# Ancient Greek and Roman racial slurs?



## ninja_master (Mar 14, 2018)

I am trying to write a story involving ancient creatures from different civilizations, including Greece and Rome. I am pitting the two from these nations against eachother, and am trying to find good racial slurs a Greek would use for a Roman (man) in Ancient times. Anyone have anything? I am also looking for Norse, Egyptian, and Native American slurs and insults.
Thanks.


----------



## Jack of all trades (Mar 16, 2018)

Well, I don't think anyone here is old enough to know ancient insults, first hand. I think you've got your work cut out for you. Maybe there's info on ancient insults somewhere, but I'm not sure where.


----------



## ppsage (Mar 16, 2018)

Well, if you're talking about men insulting men, they would probably call them something which implies they're women.


----------



## moderan (Mar 16, 2018)

Feckin Britons.


----------



## CyberWar (Mar 18, 2018)

Romans and Greeks were more into scatology and sexual deviance than racial stereotyping where it came to insults, seeing how anyone who did not share their language and culture was deemed an unwashed barbarian regardless of skin colour or ethnicity.

For Romans and Greeks, the nastiest insults generally revolved around assuming a passive role in sexual intercourse, which implied effeminacy and sexual deviance. These cultures are wrongly touted these days as being tolerant of homosexuality, when in fact they had no concept of sexual orientation whatsoever, one's sexuality being defined by preference for active (penetrating) or passive (receptive) roles. Things were further complicated by different treatment for different ages and social status. Long story short, a free adult male with a preference for receptive roles in sex was considered a deviant and despised, much of the worst insults in Greco-Roman societies revolving around implications of passive homosexuality.
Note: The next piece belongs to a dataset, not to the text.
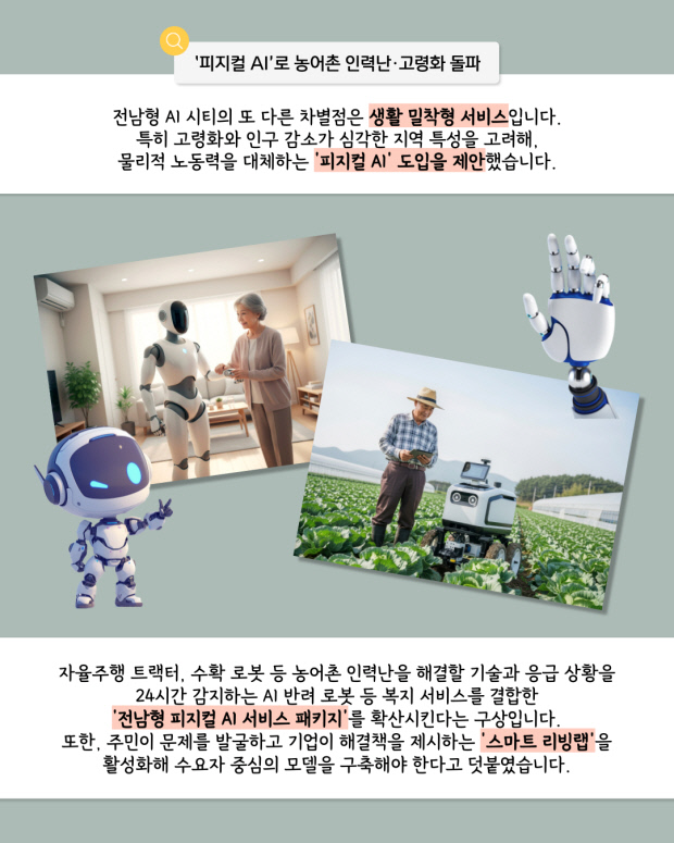 또 농어촌 인력난과 고령화 문제 해결을 위해 자율주행 농기계, 돌봄 로봇 등 ‘피지컬 AI’ 기반 생활밀착형 서비스 확대도 필요하다고 강조했다.

Similar attitudes existed in Norse society, where the worst insult for a man was to be likened to a woman, thereby implying a receptive homosexual role. There even existed a special class of "death words", insults that warranted immediate violent retaliation and would absolve one of wrongdoing afterwards. These words were direct accusations of passive homosexuality (_ergi, argr_) and accusations that one practiced witchcraft (_seidmadr_), traditionally an occupation of women, hence implying that one was effete and too cowardly to take the world on a battlefield without the aid of magic spells like a proper Norseman.


----------



## Ralph Rotten (Mar 18, 2018)

CyberWar said:


> Romans and Greeks were more into scatology and sexual deviance than racial stereotyping where it came to insults, seeing how anyone who did not share their language and culture was deemed an unwashed barbarian regardless of skin colour or ethnicity.
> 
> For Romans and Greeks, the nastiest insults generally revolved around assuming a passive role in sexual intercourse, which implied effeminacy and sexual deviance. These cultures are wrongly touted these days as being tolerant of homosexuality, when in fact they had no concept of sexual orientation whatsoever, one's sexuality being defined by preference for active (penetrating) or passive (receptive) roles. Things were further complicated by different treatment for different ages and social status. Long story short, a free adult male with a preference for receptive roles in sex was considered a deviant and despised, much of the worst insults in Greco-Roman societies revolving around implications of passive homosexuality.
> 
> Similar attitudes existed in Norse society, where the worst insult for a man was to be likened to a woman, thereby implying a receptive homosexual role. There even existed a special class of "death words", insults that warranted immediate violent retaliation and would absolve one of wrongdoing afterwards. These words were direct accusations of passive homosexuality (_ergi, argr_) and accusations that one practiced witchcraft (_seidmadr_), traditionally an occupation of women, hence implying that one was effete and too cowardly to take the world on a battlefield without the aid of magic spells like a proper Norseman.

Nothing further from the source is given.